If I directly delete that node (using the commands mentioned in other answers), data will get lost because those pods have some PersistentVolumes, and deleting a Node will also delete PersistentVolumes (if using some cloud providers).

Thus, please manually delete those pods one by one. After deleted, kuberentes will re-schedule the pods to other nodes (because this node is SchedulingDisabled).
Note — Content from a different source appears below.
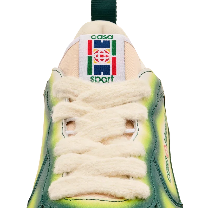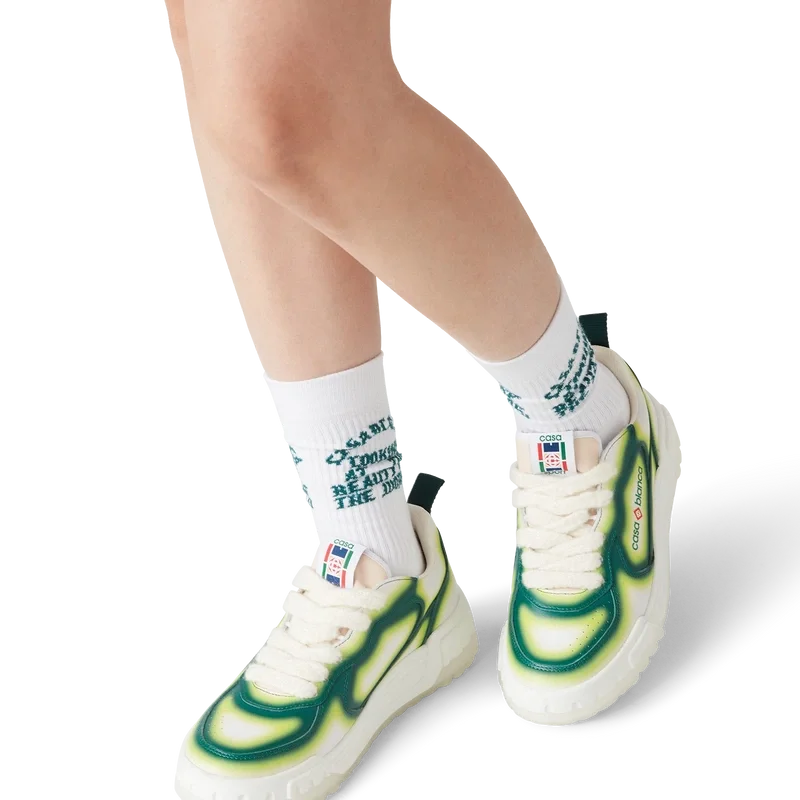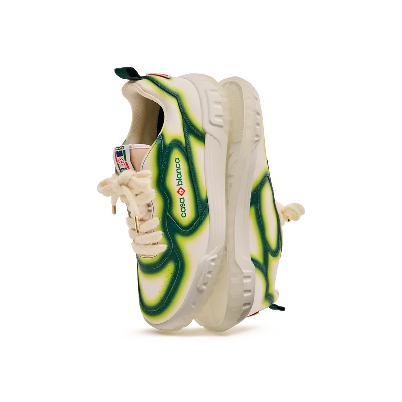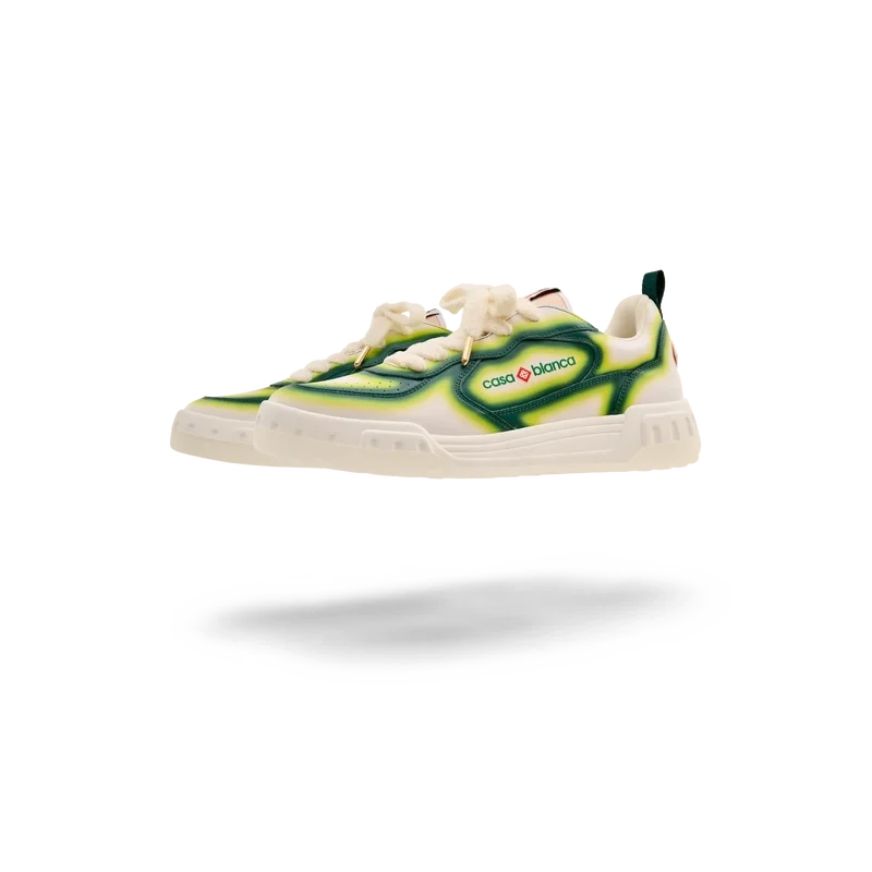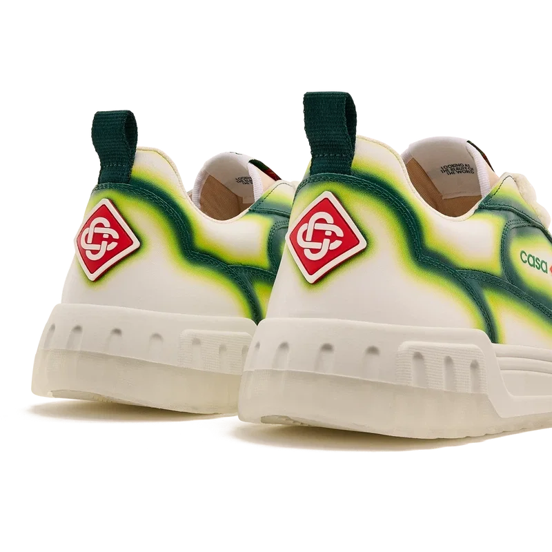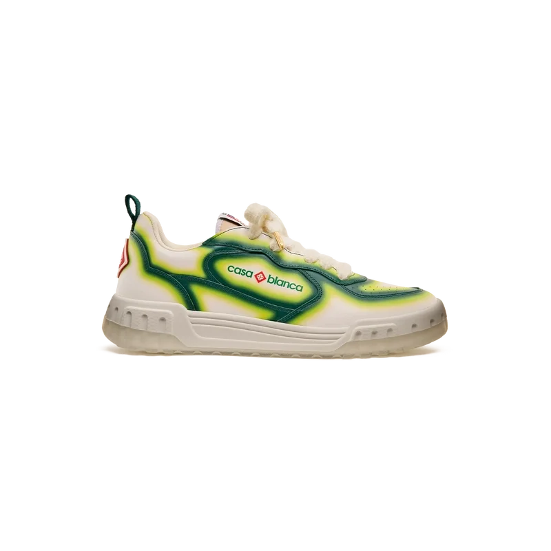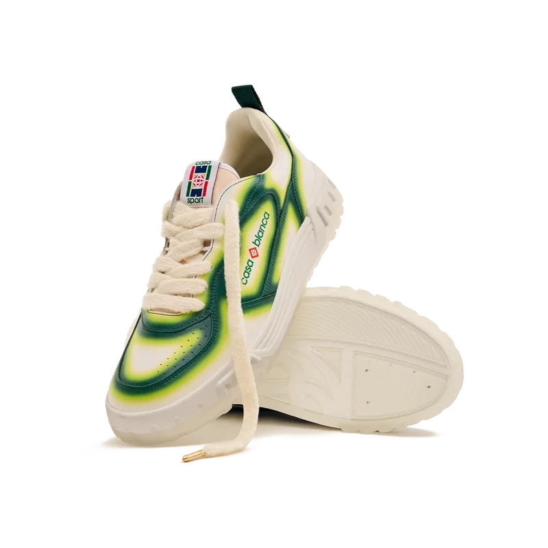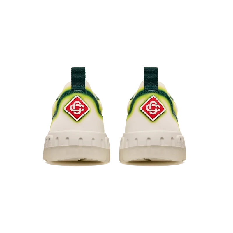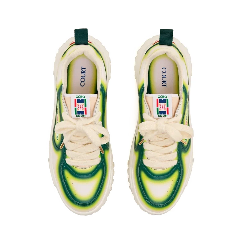 A linguagem de design do ténis Court reflete as silhuetas icónicas dos anos 90. As cores presentes na sola de borracha são uma combinação dos códigos refinados do ténis e da arquitetura clássica, criando uma paleta unificada em todo o calçado, com destaque para as cores primárias contrastadas pelo branco do ténis, para criar uma narrativa de cores com foco no desporto. A parte superior dos sapatos apresenta linhas de painéis integradas e fluidas, numa referência às silhuetas icónicas dos anos 90. A marca Casablanca está bem visível em todo o sapato, incluindo o motivo de diamante característico da marca no calcanhar, o logótipo em silicone nos painéis laterais e a etiqueta da língua e a palmilha com o motivo de um campo de ténis tecido, dando origem ao seu nome, o Court.

After deleting all pods (excluding DaemonSets), please CHECK THAT no PersistentVolume is mounted to this node.

Then you can safely delete the node itself :)

Upvotes: 0

Francis John
Francis John

Reputation: 191

If the cluster is created by kops

1.kubectl drain <node-name>
now all the pods will be evicted

ignore daemeondet:
2.kubectl drain <node-name> --ignore-daemonsets --delete-local-data

3.kops edit ig  nodes-3  --state=s3://bucketname

set max and min value of instance group to 0

4. kubectl delete node

5. kops update cluster --state=s3://bucketname  --yes

Rolling update if required:

6. kops rolling-update cluster  --state=s3://bucketname  --yes

validate cluster:

7.kops validate cluster --state=s3://bucketname

Now the instance will be terminated.

Upvotes: 3

Amit Thawait
Amit Thawait

Reputation: 5292

List the nodes and get the <node-name> you want to drain or (remove from cluster)

kubectl get nodes

1) First drain the node

kubectl drain <node-name>

You might have to ignore daemonsets and local-data in the machine

kubectl drain <node-name> --ignore-daemonsets --delete-local-data

2) Edit instance group for nodes (Only if you are using kops)

kops edit ig nodes

Set the MIN and MAX size to whatever it is -1 Just save the file (nothing extra to be done)

You still might see some pods in the drained node that are related to daemonsets like networking plugin, fluentd for logs, kubedns/coredns etc

3) Finally delete the node

kubectl delete node <node-name>

4) Commit the state for KOPS in s3: (Only if you are using kops)

kops update cluster --yes

OR (if you are using kubeadm)

If you are using kubeadm and would like to reset the machine to a state which was there before running kubeadm join then run

kubeadm reset

Upvotes: 204

Matt Liggett
Matt Liggett

Reputation: 71

Rafael. kubectl drain does work as you describe. There is some downtime, just as if the machine crashed.

Can you describe your setup? How many replicas do you have, and are you provisioned such that you can't handle any downtime of a single replica?